--- START ---

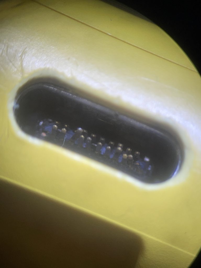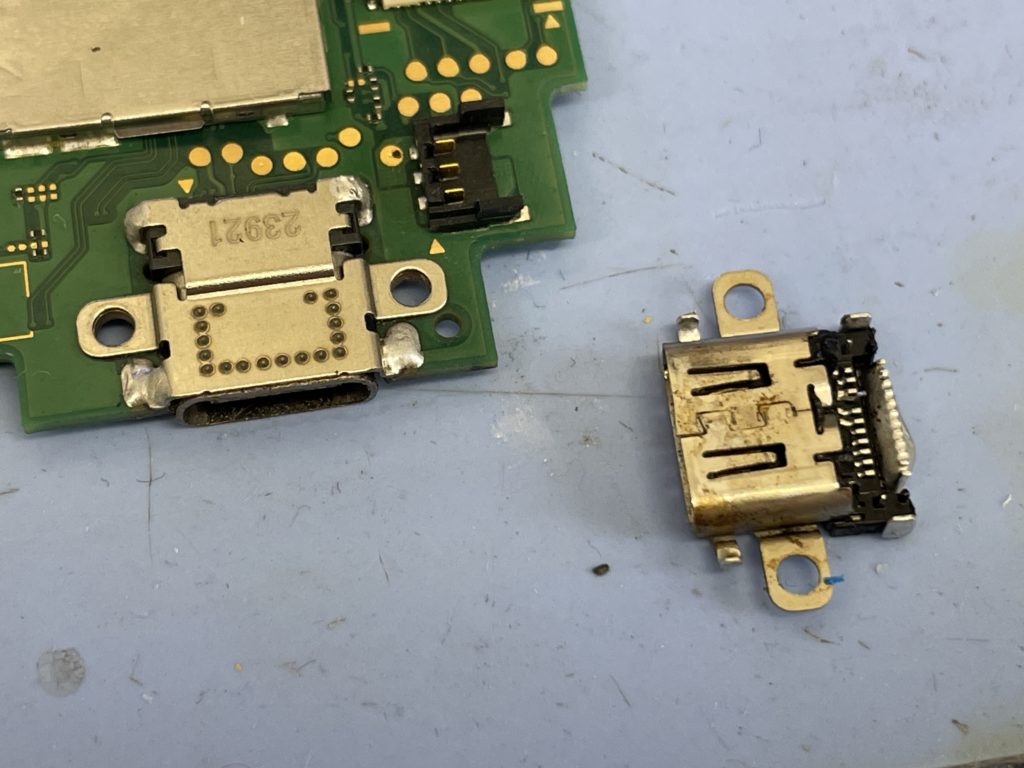 今回のように充電コネクター内の端子が損傷している状態で充電ケーブルを挿し込んでしまうと剥がれた端子同士が接触しメイン基板がショートしてしまう可能性が非常に高いのでご注意下さい。
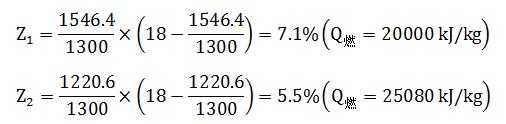 每一万块砖坯的体积约18 m3,若内燃料的密度为1300kg/m3,内燃料1的发热量为20000kJ/kg,内燃料2的发热量为25080kJ/kg,则前述计算中内燃料与原料的体积比为:
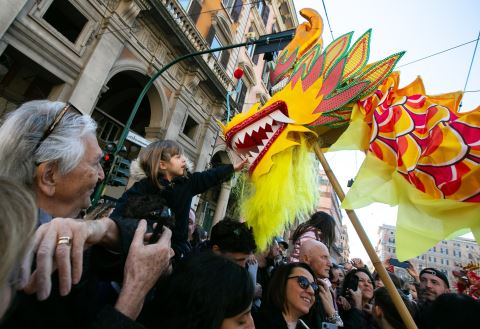 2月17日至18日,意大利罗马举行彩妆巡游、舞龙表演、书法体验等欢度春节的活动,吸引众多市民、游客前来体验中国文化,共同庆祝龙年春节。图为2月18日在意大利罗马,一名小朋友在彩妆巡游上观看舞龙。新华社 发
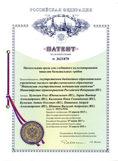 - Питательная среда для глубинного культивирования мицелия базидиальных грибов. Патент РФ № 2621870 Бюл.изобр.№16 07.06.2017. Кузнецов О.Ю., Ларин В.А., Калинина Н.Г., Кузнецов А.О., Пятачков А. А., Шашков В.А.
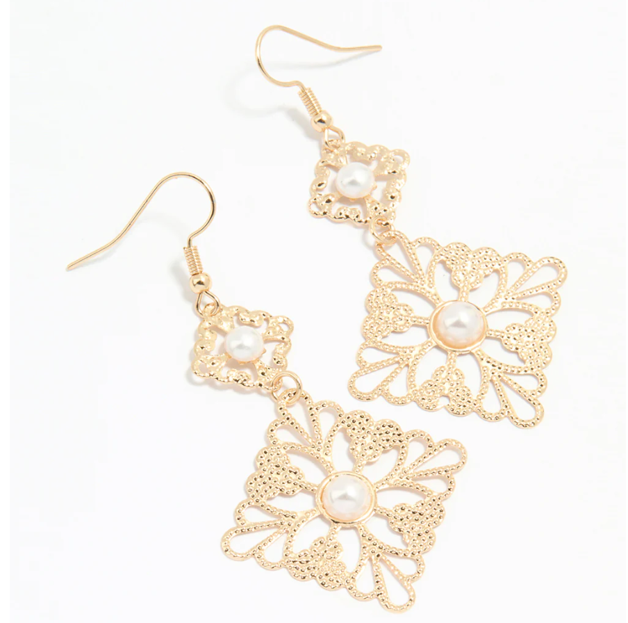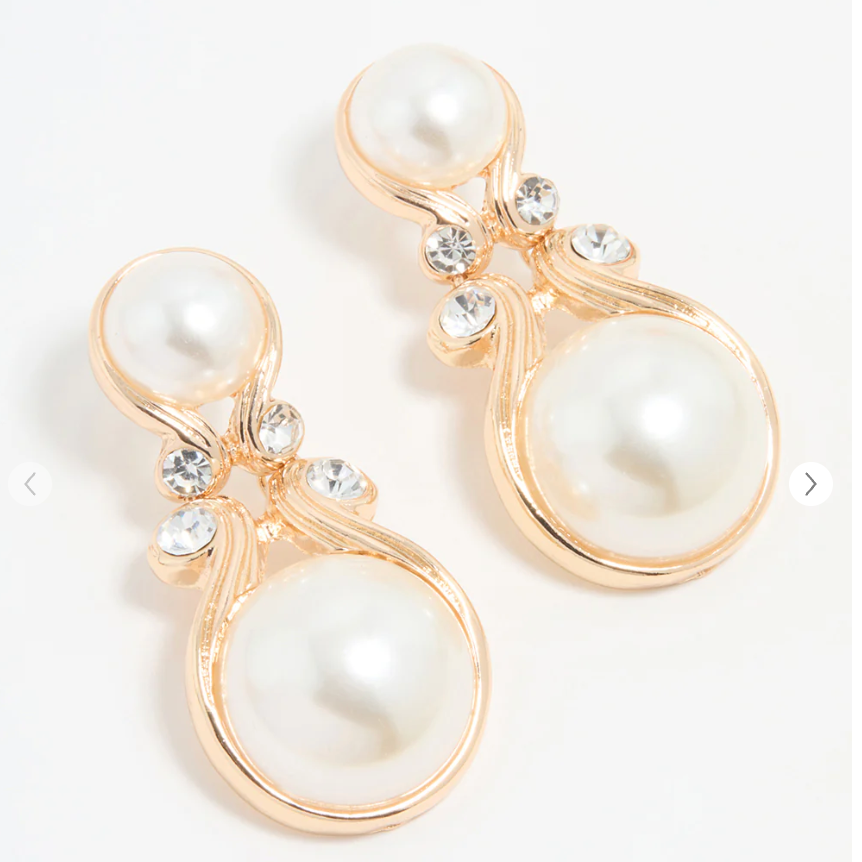 Gold Pearl Diamante Doorknocker Drop Earrings
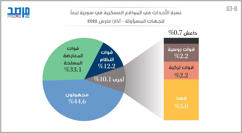 آذار 2022.. نسبة الأحداث في المواقع العسكرية في سورية تبعًا للجهات المسؤولة
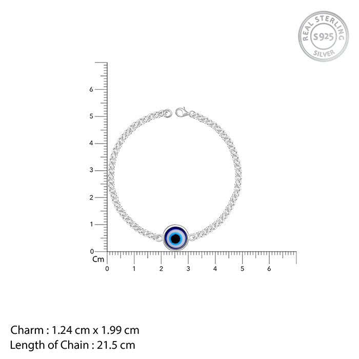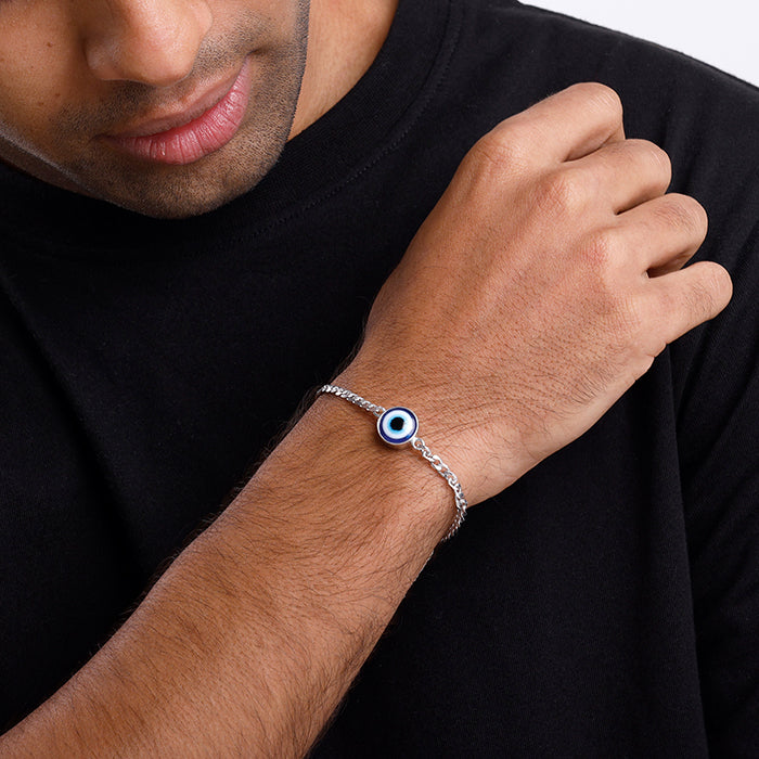 This silver bracelet for men features a link chain design. It has an enamel evil eye motif at the centre.
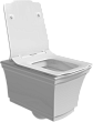Фаянсовый подвесной унитаз с ультратонким сиденьем с механизмом плавного опускания крышки.
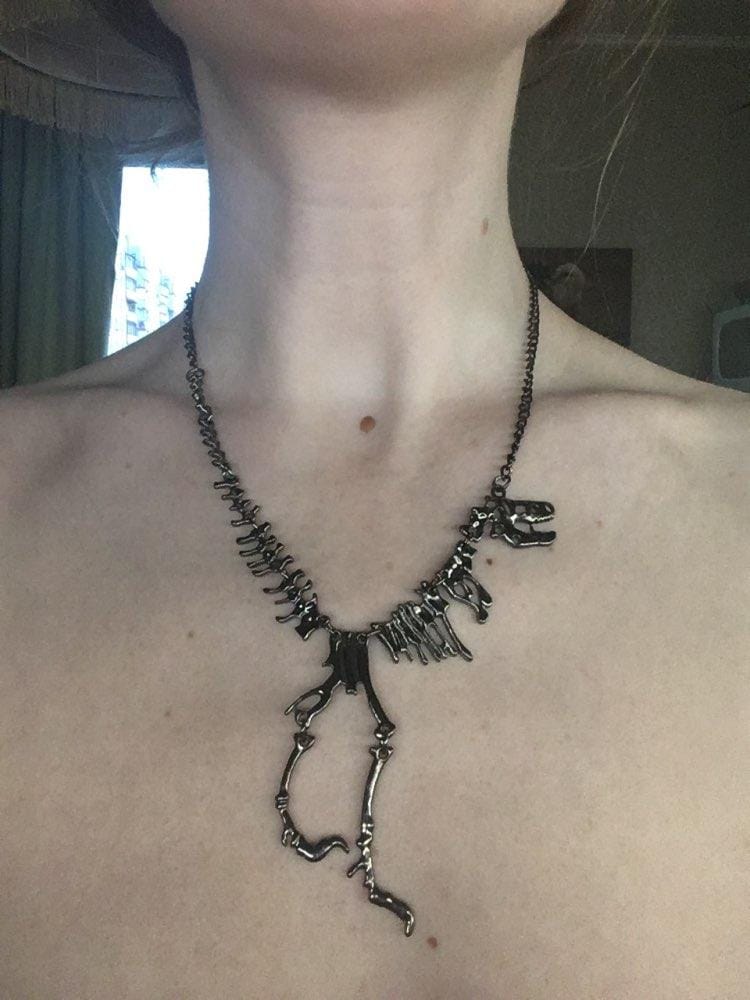 - Make your outfit pop with Skeleton Tyrannosaurus Pendant Necklace featuring moveable joints!
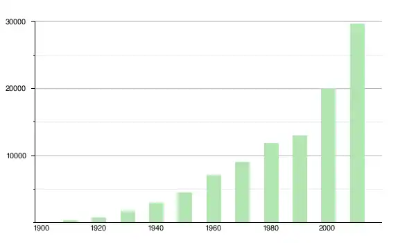 | 1930 | 1 674 | ▲ +119,69 % | |
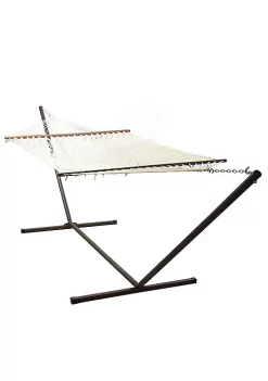 Flash Sale ⭐ 2-Person Polyester/Cotton Rope hammock with Steel Stand – Natural by Sunnydaze Decor 💯
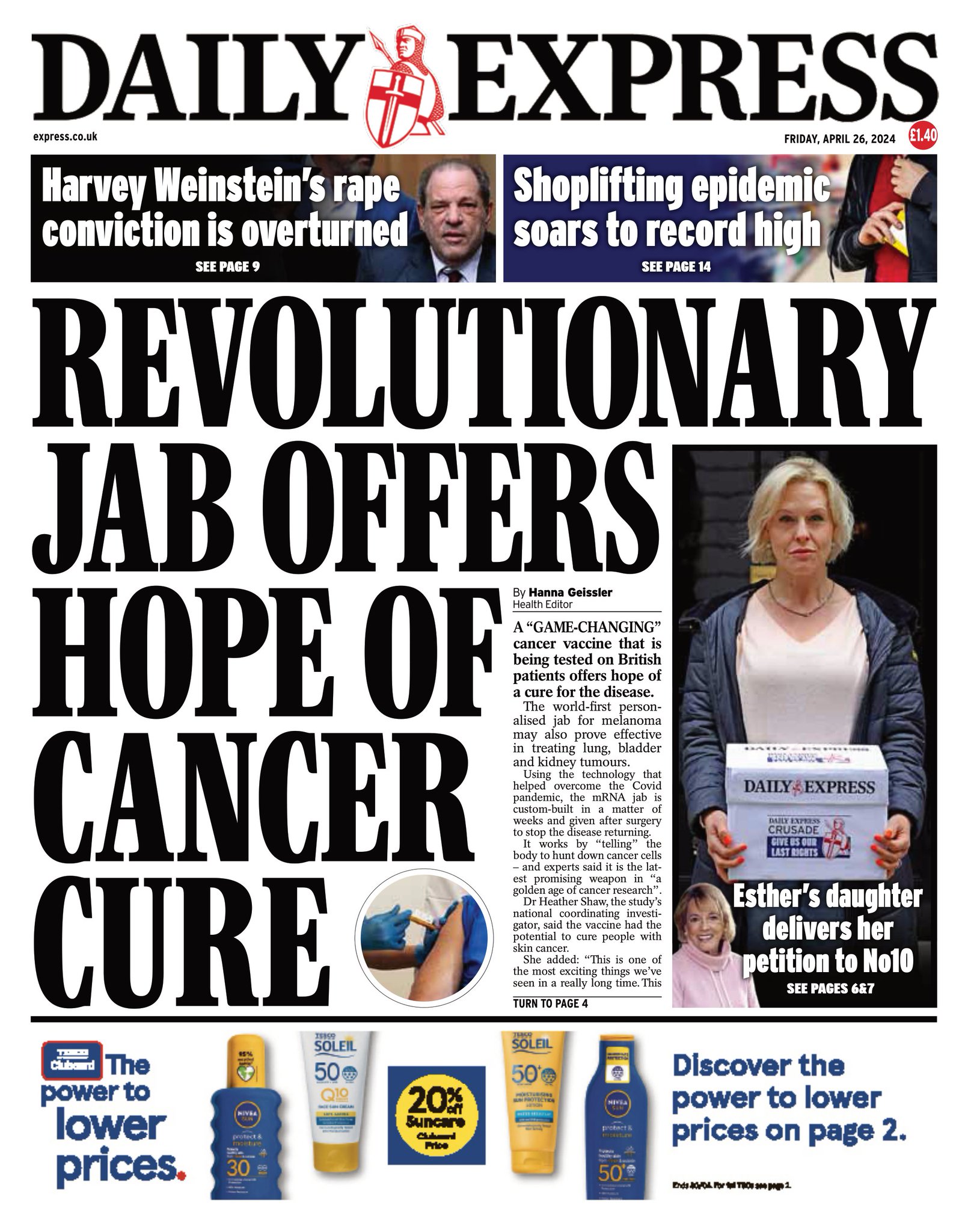 The Daily Express highlights the promising potential of a novel cancer vaccine currently under trial in Britain.

--- END ---

(YOUR OBJECTIVE)
Leave out the pictures and return the listing exactly.

(EXPECTED OUTPUT)
 今回のように充電コネクター内の端子が損傷している状態で充電ケーブルを挿し込んでしまうと剥がれた端子同士が接触しメイン基板がショートしてしまう可能性が非常に高いのでご注意下さい。
 每一万块砖坯的体积约18 m3,若内燃料的密度为1300kg/m3,内燃料1的发热量为20000kJ/kg,内燃料2的发热量为25080kJ/kg,则前述计算中内燃料与原料的体积比为:
 2月17日至18日,意大利罗马举行彩妆巡游、舞龙表演、书法体验等欢度春节的活动,吸引众多市民、游客前来体验中国文化,共同庆祝龙年春节。图为2月18日在意大利罗马,一名小朋友在彩妆巡游上观看舞龙。新华社 发
 - Питательная среда для глубинного культивирования мицелия базидиальных грибов. Патент РФ № 2621870 Бюл.изобр.№16 07.06.2017. Кузнецов О.Ю., Ларин В.А., Калинина Н.Г., Кузнецов А.О., Пятачков А. А., Шашков В.А.
 Gold Pearl Diamante Doorknocker Drop Earrings
 آذار 2022.. نسبة الأحداث في المواقع العسكرية في سورية تبعًا للجهات المسؤولة
 This silver bracelet for men features a link chain design. It has an enamel evil eye motif at the centre.
Фаянсовый подвесной унитаз с ультратонким сиденьем с механизмом плавного опускания крышки.
 - Make your outfit pop with Skeleton Tyrannosaurus Pendant Necklace featuring moveable joints!
 | 1930 | 1 674 | ▲ +119,69 % | |
 Flash Sale ⭐ 2-Person Polyester/Cotton Rope hammock with Steel Stand – Natural by Sunnydaze Decor 💯
 The Daily Express highlights the promising potential of a novel cancer vaccine currently under trial in Britain.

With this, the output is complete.